INDIANAPOLIS (AP) — Before coming to Sunday’s Indianapolis 500, Austin Pettijohn dressed appropriately — checkered flag shorts and an Indiana Pacers jersey.
For the 32-year-old from nearby Franklin, Indiana, it just meshed as it did with so many others in this colorful race-day crowd.
As more than a dozen planes carrying advertising banners flew above Indianapolis Motor Speedway while the sounds and smells of the track wafted through the infield, blue-and-gold jerseys and other Pacers regalia seemed every bit as popular as the driver T-shirts that typically dot Pagoda Plaza.
“It’s so ingrained in this town, this state since 1909, 1911,” Pettijohn said rattling off the dates the 2.5-mile oval Brickyard was completed and the first IndyCar race was held here. “I was born into the month of May and racing, and it holds a very near and dear place in my heart with me and my family. Basketball, too. It’s just an emotional, special time.”
Sports fans in Indiana understand because race day is a kind of pilgrimage that binds the generations together. Many families spend dozens of years sitting or standing in the same spot and dress for the occasion in racing garb, a vastly scaled down version of the colorful hats and fancy dresses and suits found at the Kentucky Derby each May.
Those who can’t attend often listen to the radio broadcast because the network telecast usually is blacked out and re-aired in full on race night allowing fans who were part of the estimated 350,000 inside the track to go home and watch it all over again.
It’s a tradition so revered that when fans weren’t allowed to attend in 2020 because of the COVID-19 pandemic, speedway president Doug Boles gave viewers and listeners a special dispensation to keep their streaks of consecutive races intact.
This time is different.
The 109th Indianapolis 500 marked only the fourth time the Pacers and racers competed on the same day in Indy, and it was the first time both aired live in Central Indiana.

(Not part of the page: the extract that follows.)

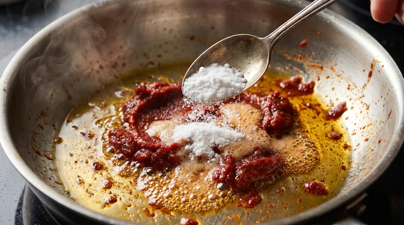 Taktiksel Araç Seti: Bu işlem için ideal tava sıcaklığı orta-kısık ateştir (yaklaşık 140°C). Çok harlı ateş karbonatın anında yanmasına sebep olur. Kullanacağın ölçü maksimum ¼ çay kaşığıdır, bir kilo salça için bile bu miktar yeterlidir. Daha fazlasına asla ihtiyacın yok.
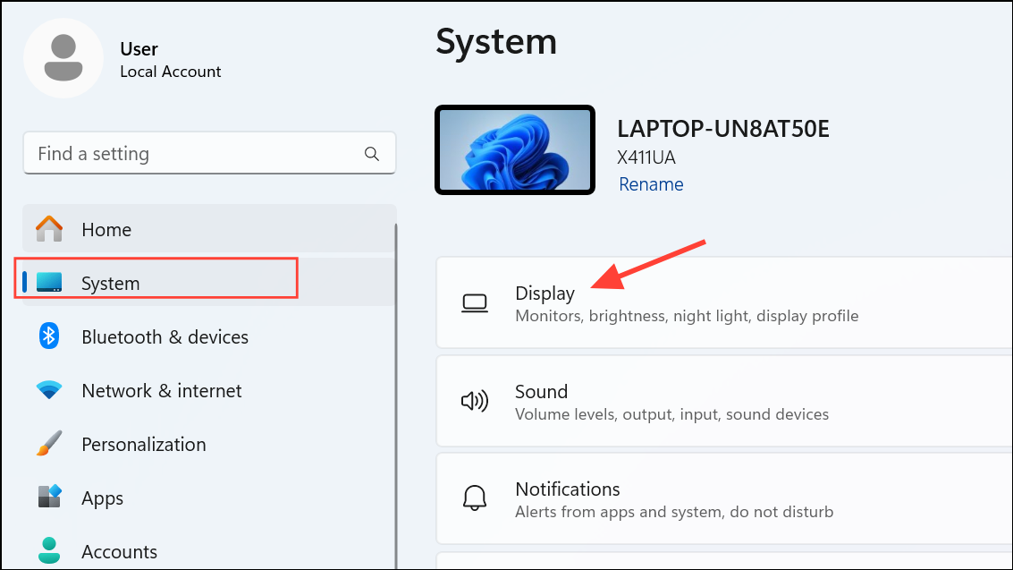 Step 1: Lower the monitor refresh rate via Windows Display Settings. Open Settings > System > Display.

Race organizers announced earlier this week they were lifting the blackout because the grandstand was sold out for the first time since 2016. The fact some viewers may be more prone to see if the Pacers could take a 3-0 lead over the New York Knicks in the Eastern Conference finals instead of a tape-delayed race may have played a part, too.
Regardless, the fans in this Midwestern town were thrilled with the decision since most couldn’t do their version of the Memorial Day weekend double.

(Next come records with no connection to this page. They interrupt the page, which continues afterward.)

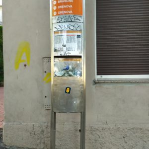 zahvaljujemo Vam na dojavi, iako su djelatnici nadležnog, Odjela gradske uprave za komunalni sustav već upoznati s devastacijom ovog spremnika i nosača.
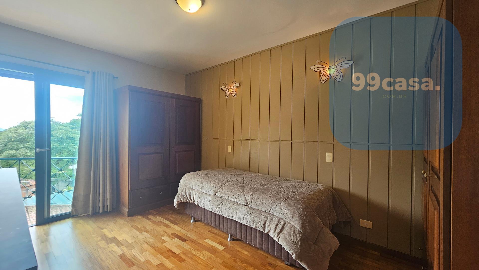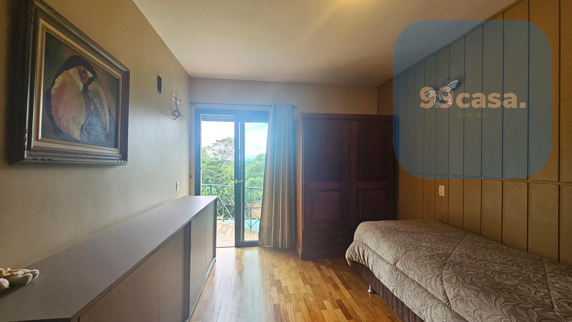 A casa tem 3 quartos, sendo 1 suíte no último andar, com closet espaçoso e banheiro com hidromassagem, com uma vista espetacular da Serra do Mar (veja o vídeo).
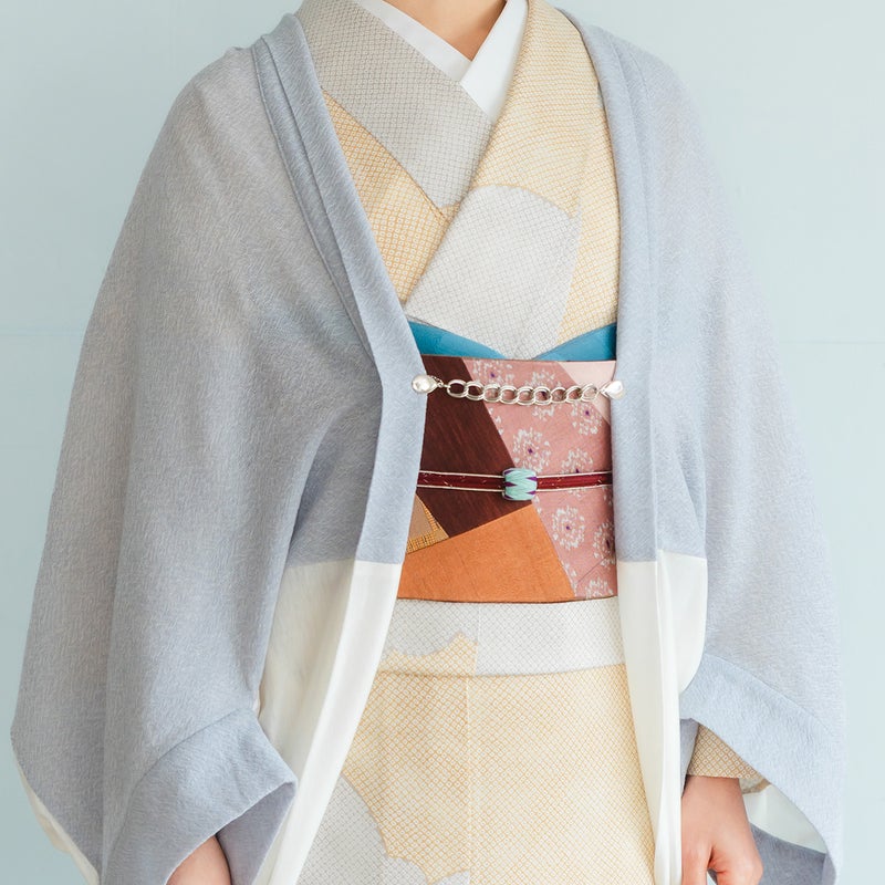 フロントホックで前を留めて着ることもできます。羽織紐やショールクリップを付けて、着こなしの変化も楽しめます。

Not only was the cost of two tickets to the race and to the Pacers game nearly $4,000 on the secondary market entering, but staying to watch the victory lane celebration combined with traffic leaving the track made it almost impossible to make downtown in time for the opening tip.
“The good news is (the Pacers game) is at 8 p.m. so the 500 will be done by then, and you don’t have to worry about going home and watching the race,” said Indy resident Nick Bustamante, who was decked out in a jersey of two-time NBA All-Star Tyrese Haliburton. “I’ll watch it here and then I’ll watch the game at home.”

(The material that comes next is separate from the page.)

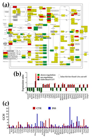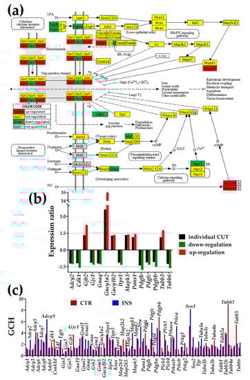 Presence of non-touching Oli-neu cells affects genes in the gap junction (GJ) pathway (modified from https://www.genome.jp/kegg-bin/show_pathway?mmu04540). (a) Regulation (up-red background, down-green background) of the interconnected genes within the GJ pathway. (b) Expression ratios and individual fold-change cut-offs (both negative for down-regulation) of the significantly regulated genes. (c) Gene Commanding Height (GCH) scores of the GJ genes in the two conditions. The most prominent gene in CTR astrocytes is Tubb3 (GCH = 9.07), while in INS cells it is Sos1 (GCH = 8.23). As illustrated in Figure 1c, considering the entire pathway, the median GCH increased by over 17% in INS with respect to CTR.
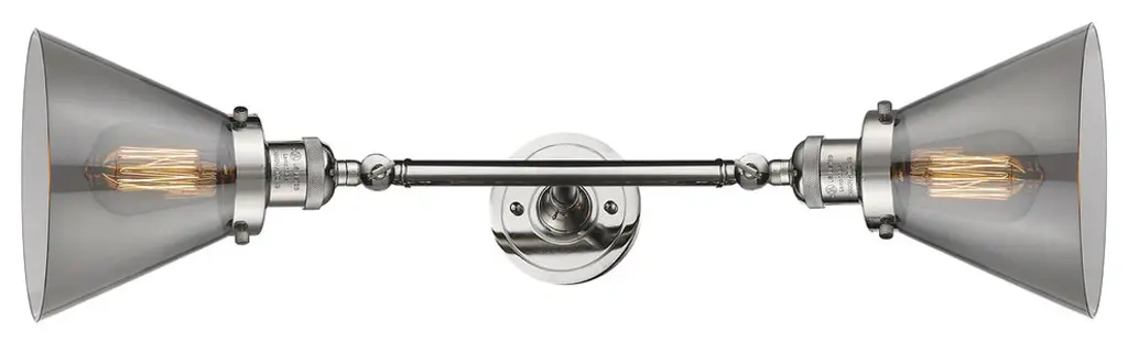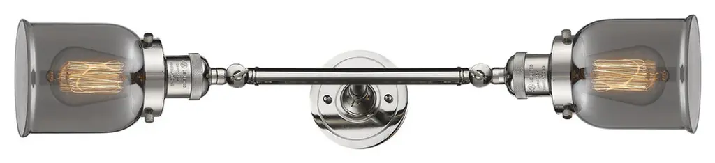 INNOVATIONS LIGHTING 208L-AB-G53-LED Small Bell 2 Light Bath Vanity Light. The Small Bell 2 Light Bath Vanity Light is part of the Franklin Restoration Collection.Solid Brass 180 Degree Adjustable Swivels with internal teeth that lock in at 5 degree intervals. Family Name: Small Bell. Collection Name: Franklin Restoration. Metal Finish(Body): Antique Brass. Metal Finish (Canopy/Backplate): Antique Brass. Material: Steel, Cast Brass, Glass. Dimension(in): 23(H) x 5(W) x 8(Ext). Glass Shade Description: Plated Smoke Small Bell. Glass Type: Colorful. Glass or Metal Shade Shape: Bell. Glass or Metal Shade Color: Plated Smoke. Shade Material: Glass. Shade Size(Diameter x Height): 5 X 5.75. Shade Dimension(in): 5(Dia) x 5.75(H). Canopy Dimensions(in): 4.5. Backplate Dimensions(in): 4.5x0.75. Bulb: (2)3.5W Medium Base LED(Included), Dimmable. Color Temperature: 2700. Lumens: 350. Color Rendering Index(CRI): 82. Life Expectancy(Hours): 15000. Voltage : 120. Warranty: 2 Year Finish, Lifetime Electrical. Solid Brass 180 Degree Adjustable Swivels with internal teeth that lock in at 5 degree intervals. Fixtures can be hung Horizontally or Vertically. Fixture can be hung with bulbs facing up or down as a Wall Mount or Facing Down as a Ceiling Mount. 4.5 inch 2mm Heavy Cast Backplate. Distance from outlet opening to top of fixture 2.25. Rated for 100 Watt Maximum per socket. UL/CUL Damp Rated. In order to maintain the finish we recommend simply using water and a cheesecloth towel. Compatible with Incandescent, LED, Fluoresent and Halogen bulbs.

Haliburton might be the best-known Pacers player after making two game-winning shots during this playoff run and a buzzer-beater to force overtime in Game 1 against the Knicks on Wednesday. The jerseys of Pacers forwards Pascal Siakam and Obi Toppin, who attended college at the University of Dayton, also found their way to the track as did those of Reggie Miller and Caitlin Clark — both with the WNBA’s Indiana Fever and Iowa.
The Fever lost 90-88 on Saturday to defending league champ New York when Clark had the ball stripped on the game’s final possession.
By Sunday, that loss seemed a distant memory on one of the city’s biggest weekends. After all, this is May — Indianapolis style.
“It’s just a great time of year,” Pettijohn said. “It’s just great when you can kind of intermingle the two in the same month. It’s such a fun team this year with the Pacers. And it’s just such a fast-paced team. So it’s very fitting with the theme of Pacers and racers.”